FIRST MILK has announced that from April 1, 2018 it will be changing its approach to regional milk pool pricing, which will see its previous payment schedules simplified to just two payment schedules – First Milk Liquid and First Milk Manufacturing.

This development has been made in response to member feedback and is fully supported by the Member Council and Board. It will see milk prices harmonised at a standard litre of 4.0% butterfat and 3.3% protein, with the April price on this basis being 26.0 ppl.

Commenting on the developments, Jim Baird, Farmer Director and Vice-Chairman, said: “Whilst in recent weeks we have seen some recovery in the market, unfortunately, the overall global dairy commodity markets remain weaker than last year, which continues to impact on our returns. We know that this price drop will be disappointing news for our members and continue to do all that we can to minimise the impact of reductions.”

He added: “This more simplified and transparent approach on milk prices reflects the requirements of the business today and is a progressive step which unites our members across the country.”

Milk Policy Manager, George Jamieson of NFU Scotland, said: “NFUS has consistently believed that First Milk, as a farmer-owned business, should as far as possible have a pricing policy that is transparent, uncomplicated and treats all members, regardless of geography and end use, the same way.

“All First Milk members contribute to the business diversity so this move is welcomed by NFUS and we congratulate it for taking this step. The strength of a co-op is in bringing members together to draw strength in a common cause. First Milk Members in Scotland have suffered from lower prices on the whole, but this move is more important than regional sensitivity as it demonstrates a commitment by First Milk to a simpler and equitable pricing model.

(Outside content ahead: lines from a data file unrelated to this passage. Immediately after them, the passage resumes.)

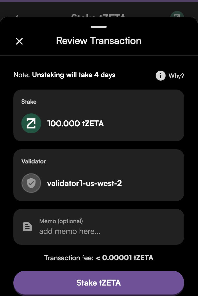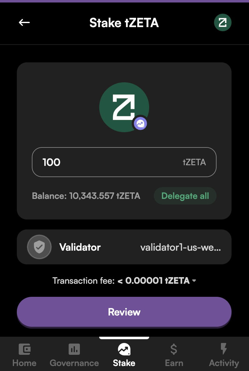 Enter the amount of ZETA you would like to delegate and click "Review":
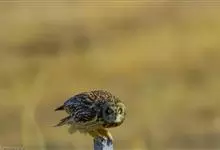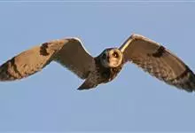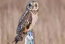 短耳鸮又名小耳木兔、田猫王、夜猫子等,是鸮形目鸱鸮科耳鸮属中小型猛禽动物。成鸟面盘显著,眼周黑色;眼先及内侧眉纹灰白色,面盘余部棕黄色杂以黑色细羽干纹;耳簇羽短小而几乎不外露,…全部>>
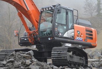 Na Demo tour nejvíce zastoupená kategorie strojů. Před stanem s občerstvením byla vystavena 16tunová verze ZX160-5B spolu s 25t tunovým ZX250-6, patřící do inovované série 6. Tahákem bylo rýpadlo ZX300-6, u kterého se krátce zastavíme.
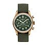 Für die Montblanc 1858 Automatic Chronograph Limited Edition orientierte sich die Maison an den Minerva Chronographen der 1920er und 30er-Jahre. Das 42 mm Bronzegehäuse umgibt das khakigrüne Zifferblatt mit Chronographenanzeigen, beigefarbenen Leuchtziffern und lumineszierenden Zeigern in Roségold. Das Automatikkaliber MB 25.11 bietet eine Gangreserve von 48 Stunden. Ein khakigrünes Nato-Armband mit einer bronzebeschichteten Edelstahl-Dornschliesse rundet die limitierte Ausgabe von 1858 Exemplaren ab.
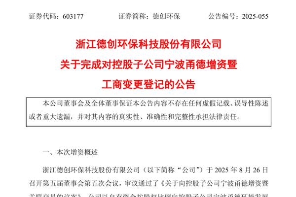 浙江德创环保科技股份有限公司(简称:德创环保)公告称,公司向控股子公司宁波甬德环境发展有限公司(下称“宁波甬德”)增资40,584,000元事项已完成。截至目前,宁波甬德完成工商变更登记备案手续,并取得了宁波市鄞州区市场监督管理局换发的《营业执照》。 本次增资完成后,宁波甬德注册资本由8000万元增加到147...
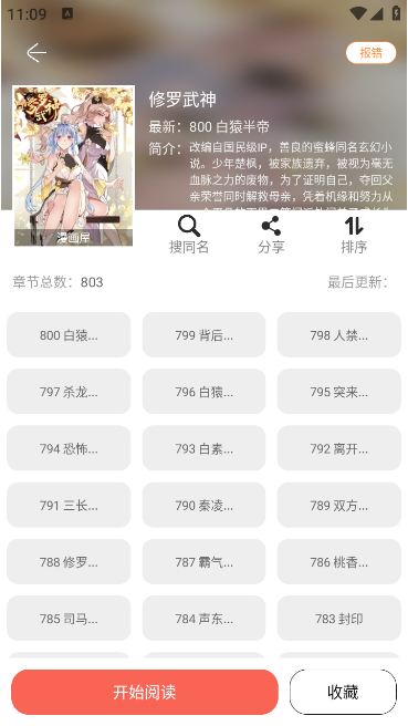 5. 在阅读界面支持章节跳转、正序倒序切换、分享与同名搜索等功能。
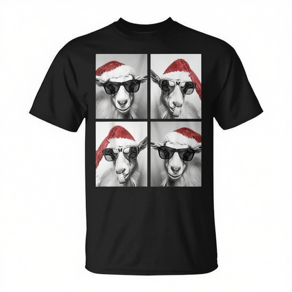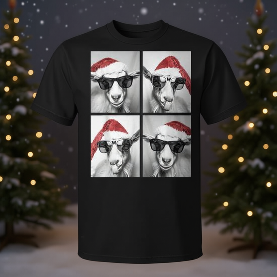 T-shirt con meme festivo di capre natalizie con occhiali da sole e cappello da Babbo Natale
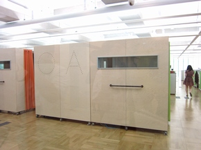 OA機器のホコリがオフィス内に飛ばないように壁で覆っているという

“NFUS has met with First Milk recently and supported this move and also discussed other areas, such as governance and ongoing price challenges. The new governance model with a new Council and Board structure and a new Chief Executive is, we believe, making progress. Ultimately it will be farmer owners who will decide if it is working for them, which will be judged on price paid back to the farmers aligned with investment and sustainability.

“On price, First Milk’s new price of 26ppl is disappointing but not out of line with other processors. The drop does not reflect the new pricing model, but the downturn in the dairy market, which NFUS believes should be at the bottom of the curve. First Milk, as a farmer owned co-op, must pay as much as it can based on its markets and costs regardless of competitors pricing, and over the last two years it is pleasing for hard pressed FM farmers to see the gap in prices between FM and competitors closing.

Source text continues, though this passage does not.